Квакал и молодой лягушонок но имени Чока. Прозвали его так за то, что он, открывая рот, очень красиво причокивал. Это нравилось всем, и Чоку считали талантливым. Были у него и другие достоинства: он отлично прыгал, на целый час заныривал в тину, имел на спине два золотистых пятнышка, что и вовсе считалось необыкновенным.
— Какой кррасавец! — скрипели старые лягушки, жмуря желтые ослепшие глазки. — Каких головастиков нар-родит !
Чока слушал их, и ему становилось обидно: «Как они глупы! Всю жизнь киснут в этом болоте и думают о каких-то головастиках!..» Он выползал на широкий лист кувшинки, надолго задумывался. Грело солнце, звенели комары, душно парило болото и тонко пах белый цветок кувшинки. Было смутно, сонно, влажно вокруг. Чока щурился, вглядываясь в древние деревья на опушке леса, они казались мутно-зелеными и тоже туманными: Чока хорошо видел только то, что было рядом с ним, даже края болота ему мерещились, как во сне. Но все равно он упрямо глядел на опушку, в темные провалы между деревьями, а когда поднимал голову, глох и слеп от сияющей бездны неба. Он уставал сидеть на листе кувшинки, у него высыхала кожа — от этого поднимался в теле необыкновенный жар, — однако он не позволял себе нырнуть в воду: еще рано, еще мало собралось вокруг обеспокоенных сородичей, гадающих: «О чем так глубоко задумался Чока?..»

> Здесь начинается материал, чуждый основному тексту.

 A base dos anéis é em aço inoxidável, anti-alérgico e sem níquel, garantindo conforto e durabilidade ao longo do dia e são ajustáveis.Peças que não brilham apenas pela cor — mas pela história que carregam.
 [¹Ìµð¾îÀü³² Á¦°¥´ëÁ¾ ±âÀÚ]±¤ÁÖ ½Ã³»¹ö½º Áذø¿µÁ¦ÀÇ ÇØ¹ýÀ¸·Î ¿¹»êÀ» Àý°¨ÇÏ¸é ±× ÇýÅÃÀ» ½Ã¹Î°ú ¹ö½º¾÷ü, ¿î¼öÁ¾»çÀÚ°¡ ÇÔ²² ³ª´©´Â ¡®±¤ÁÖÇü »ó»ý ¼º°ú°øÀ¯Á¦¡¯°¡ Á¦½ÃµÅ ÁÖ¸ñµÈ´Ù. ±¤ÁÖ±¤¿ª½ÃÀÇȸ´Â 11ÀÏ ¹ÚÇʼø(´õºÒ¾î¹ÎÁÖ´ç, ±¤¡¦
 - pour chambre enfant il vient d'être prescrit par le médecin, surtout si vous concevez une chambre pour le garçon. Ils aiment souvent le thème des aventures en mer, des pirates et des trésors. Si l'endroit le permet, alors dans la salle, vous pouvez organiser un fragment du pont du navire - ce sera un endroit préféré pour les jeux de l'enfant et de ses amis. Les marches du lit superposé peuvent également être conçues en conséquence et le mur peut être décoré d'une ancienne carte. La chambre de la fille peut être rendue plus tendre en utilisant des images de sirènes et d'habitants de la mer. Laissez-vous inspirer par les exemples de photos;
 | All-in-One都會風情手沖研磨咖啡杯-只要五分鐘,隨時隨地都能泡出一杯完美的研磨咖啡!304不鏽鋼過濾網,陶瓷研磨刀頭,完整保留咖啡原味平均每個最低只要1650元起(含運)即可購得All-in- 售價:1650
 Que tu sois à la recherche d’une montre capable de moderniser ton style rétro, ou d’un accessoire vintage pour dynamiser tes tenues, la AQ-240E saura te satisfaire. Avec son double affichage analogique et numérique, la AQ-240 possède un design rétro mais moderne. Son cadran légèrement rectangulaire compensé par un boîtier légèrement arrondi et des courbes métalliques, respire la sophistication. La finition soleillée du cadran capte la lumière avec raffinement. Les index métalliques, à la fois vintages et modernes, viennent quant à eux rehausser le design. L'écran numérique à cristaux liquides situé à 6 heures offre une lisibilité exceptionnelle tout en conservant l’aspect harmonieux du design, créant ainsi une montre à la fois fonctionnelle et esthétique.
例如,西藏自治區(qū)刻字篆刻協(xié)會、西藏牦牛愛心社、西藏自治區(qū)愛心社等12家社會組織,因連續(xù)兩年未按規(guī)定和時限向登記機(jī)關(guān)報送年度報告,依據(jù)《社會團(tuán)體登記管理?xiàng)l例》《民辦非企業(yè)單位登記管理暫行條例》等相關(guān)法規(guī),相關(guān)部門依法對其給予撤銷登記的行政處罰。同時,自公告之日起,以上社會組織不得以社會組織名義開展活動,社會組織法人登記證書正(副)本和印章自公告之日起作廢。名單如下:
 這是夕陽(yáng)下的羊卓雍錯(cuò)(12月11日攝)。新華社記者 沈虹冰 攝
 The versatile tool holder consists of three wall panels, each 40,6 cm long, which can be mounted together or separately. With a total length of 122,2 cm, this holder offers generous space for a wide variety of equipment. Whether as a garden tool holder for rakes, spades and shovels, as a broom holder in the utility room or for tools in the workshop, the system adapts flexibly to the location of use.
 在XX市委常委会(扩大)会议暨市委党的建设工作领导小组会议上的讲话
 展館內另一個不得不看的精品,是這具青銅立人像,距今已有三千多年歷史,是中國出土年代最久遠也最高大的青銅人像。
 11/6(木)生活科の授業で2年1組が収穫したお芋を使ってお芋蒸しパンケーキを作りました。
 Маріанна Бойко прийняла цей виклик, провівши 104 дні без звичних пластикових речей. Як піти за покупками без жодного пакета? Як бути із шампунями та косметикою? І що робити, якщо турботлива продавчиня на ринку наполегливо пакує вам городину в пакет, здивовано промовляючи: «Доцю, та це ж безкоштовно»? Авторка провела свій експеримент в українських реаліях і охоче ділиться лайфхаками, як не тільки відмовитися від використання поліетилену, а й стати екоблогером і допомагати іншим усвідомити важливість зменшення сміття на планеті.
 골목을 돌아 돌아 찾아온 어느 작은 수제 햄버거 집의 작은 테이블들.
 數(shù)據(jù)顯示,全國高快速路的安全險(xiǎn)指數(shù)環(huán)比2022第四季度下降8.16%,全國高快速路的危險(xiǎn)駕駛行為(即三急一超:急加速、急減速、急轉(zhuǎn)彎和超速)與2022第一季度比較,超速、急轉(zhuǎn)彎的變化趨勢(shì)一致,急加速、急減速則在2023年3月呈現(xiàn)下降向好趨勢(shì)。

Лягушата и лягушечки больше взрослых пялили глаза на Чоку, открывали ротики и пробовали часто и трудно дышать — как это делал Чока. Они очень хотели быть похожими на него, чтобы и их хвалили за какие-нибудь таланты, но терпение у них было маленькое, как раз такое, чтобы выждать и слизнуть языком с травинки комара, и трудно дышать они могли совсем недолго.
Приплывали к листу кувшинки старые, утомленные жизнью родители, вежливо просили Чоку хотя бы разок окунуться в воду. Им помогали, горюя, другие многолетние лягушки. Чока никого не видел, и деревья на опушке ужо не казались ему зелеными — они вспыхивали то желтыми, то розовыми мутными пятнами: так тяжело было Чоке, так напекло его солнце. Вокруг листа кувшинки скапливались все жители болота, приплывали даже тритоны с самой окраины. И когда поднимался настоящий гвалт от всеобщих восторгов и вздохов, а родители начинали тихо плакать, Чока спрыгивал в воду, уходил глубоко, к самому дну, и лежал там долго, остывая в мягком иле. И это тоже было удивительно, не каждому посильно.
Однажды в очень жаркий день Чока сидел на своем листе кувшинки и сильно грустил. Почему-то медленно собирались сородичи, вяло квакали, и Чока стал думать. «Что за жизнь?.. Как скучно, как серо вокруг! Какая вонь из болота! А лягушки?.. Ни одной светлой личности. Болотные обыватели!» Думал Чока долго, мучительно, все больше расстраивая себя.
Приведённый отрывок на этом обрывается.